Interest on the term loan accrues on the principal amount outstanding at a floating per annum rate equal to the greater of the rate of interest noted in The Wall Street Journal Money Rates section, as the “Prime Rate” or 4.00% plus a margin of 4.9% and is payable monthly in arrears and shall be computed on the basis of a 360-day year for the actual number of days elapsed. The Company is required to make interest only payments from July 2022 to May 2027. The note payable has a maturity date of June 15, 2027, at which time any unpaid interest, outstanding principal balance, and a final payment of 4.5% of the original principal amount borrowed shall be due in full. If the Company repays the loan prior to maturity, the Company will be required to pay a prepayment fee of 0.5%-1% of the outstanding principal balance. The Company is also required to pay a 3% success fee of the funded principal amount of the term loan at the time of a liquidity event, as defined in the loan and security agreement. The success fee is enforceable within 10 years from the execution date of the agreement.
The Company has accounted for the final payment of $1,800,000 as a discount of the note that will be amortized over the life of the loan using the effective interest method. Amortization of the discount was $201,201 and $88,624 for the six-month period ended June 30, 2024 and 2023, respectively. This amount was recorded as additional interest expense in the accompanying condensed consolidated statements of operations. As of June 30, 2024 and December 31, 2023, the note has been shown net of unamortized discounts of $1,217,533 and $1,418,734, respectively.
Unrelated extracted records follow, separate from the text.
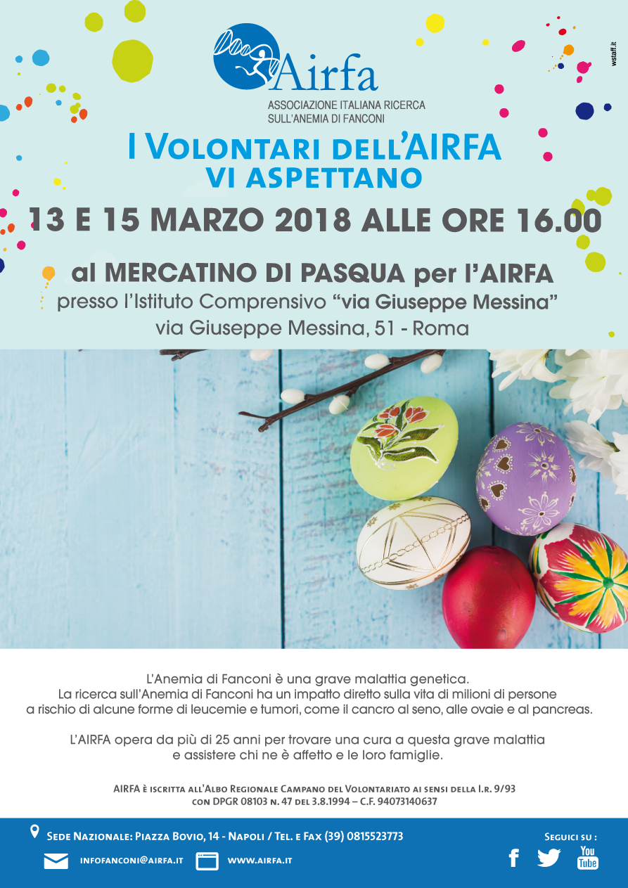 Vi aspettiamo al mercatino di Pasqua per l’Airfa che si svolgerà presso l’Istituto Comprensivo “via Giuseppe Messina” (via Giuseppe Messina, 51 – Roma) nei giorni 13 e 15 marzo 2018 alle ore 16.00.
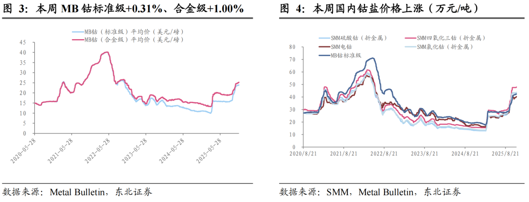 钴:本周,MB钴标准级均价+0.31%至23.90美元/磅,合金级均价+1.00%至25.25美元/磅;国内方面,电钴本周价格+1.64%至40.30 万元/吨。钴盐方面,硫酸钴+0.40%至43.37万元/吨(折金属),四氧化三钴+0.88%至47.99万元/吨(折金属),氯化钴+0.71%至43.70万元/吨(折金属)。
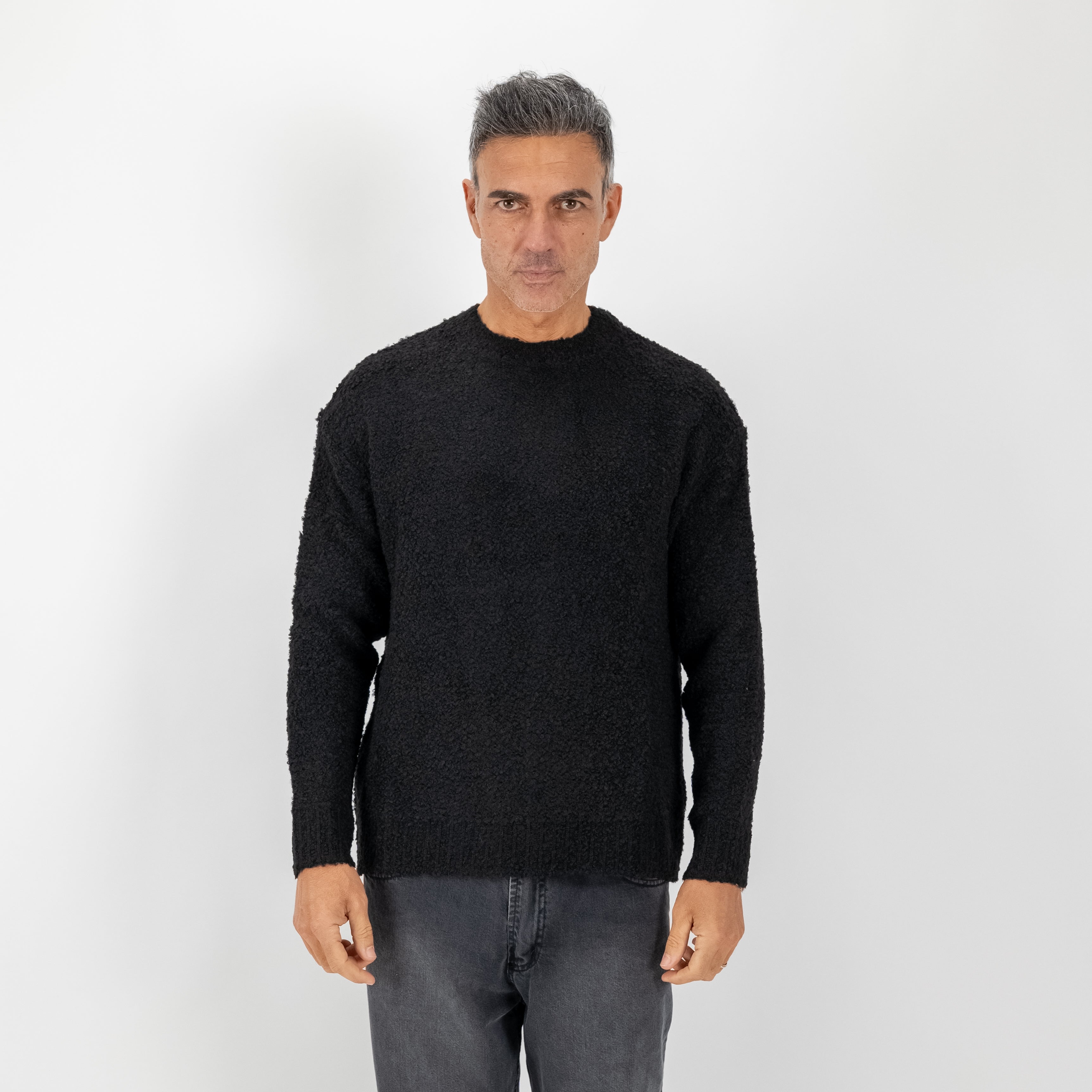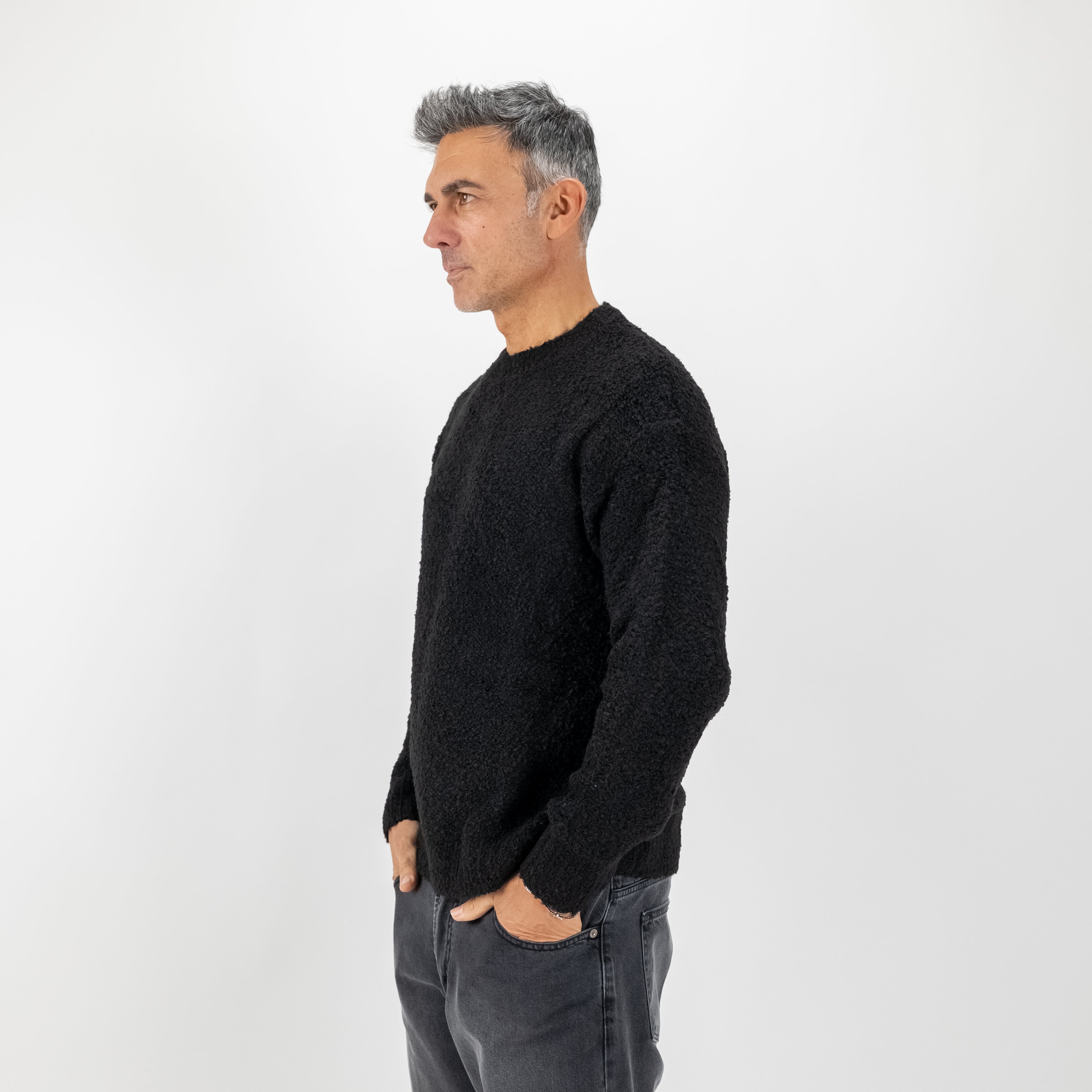 Morbida e calda: questa maglia girocollo Teddy in bouclè è il comfort che non sapevi ti servisse. La trama ricca e leggermente irregolare le dà quell'aspetto rilassato ma comunque super curato, perfetto sia per outfit casual che per look più serio.
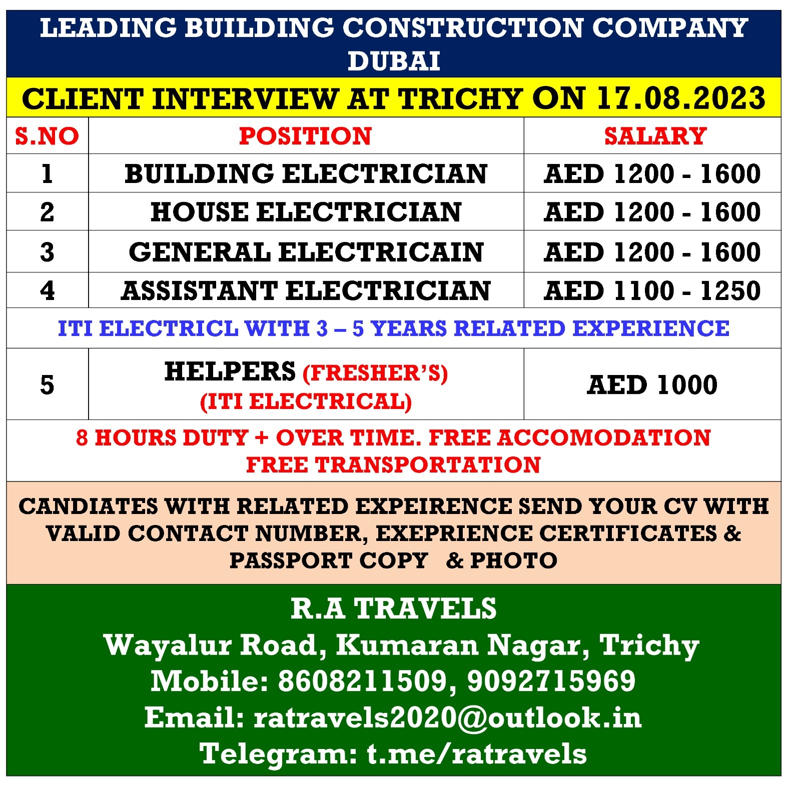 | Building Electrician | 1600 AED | |
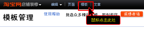 首先,點擊裝修頁面左上角的“模板”。
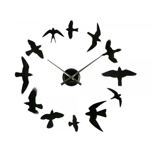 Ceas perete Birds - Ceas perete. Contine 12 piese detasabile, din plastic, in forma de pasari, de diverse marimi si forme, pe care le poti aranja dupa cum doresti. Necesita 1 baterie tip AA (nu este inclusa). Culori disponibile: negru. Design: Karlsson. Pret: 310 lei.
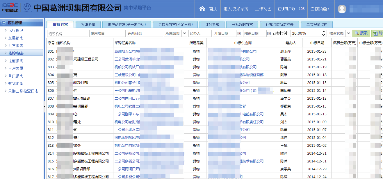 2013 年 10 月进行试用版本应用。初步建立网上在线招标工作模式。2014 年 10 月进行正式标准版本应用。修订试用版本期间的应用模式,并加强供应商管理以及在线评标模块的应用。2015年 12 月进行签署定制化升级维护协议。主要涉及平台首页改造、平台的本地部署、微信端应用、PPP 分包商专项模块、营改增政策适应等方面。2016 年 3 月完成系统本地部署。2016 年 6 月微信端公众号及在线审批上线。2016 年 7 月专业化监督提醒模块上线。截止 2017 年 5 月,集团内部注册用户 6200 余人,葛洲坝所属单位线上招标累计完成 18000 余次,供应商总量 4万余家,每年上线涉及金额约 400 亿元。
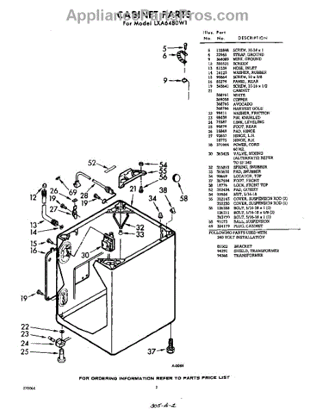 Parts for Whirlpool LXA6480W1: 02 - Cabinet Parts

The Company incurred loan costs of $998,393, which are being amortized over the life of the loan using the effective interest method. Amortization of loan costs was $104,931 and $78,362 for the six-month period ended June 30, 2024 and 2023, respectively. As of June 30, 2024 and December 31, 2023, the note has been shown net of unamortized loan costs of $629,648 and $734,579, respectively.
The Company is subject to customary financial and reporting covenants under the loan and security agreement. As of June 30, 2024 and December 31, 2023, the Company was in compliance with all debt covenants.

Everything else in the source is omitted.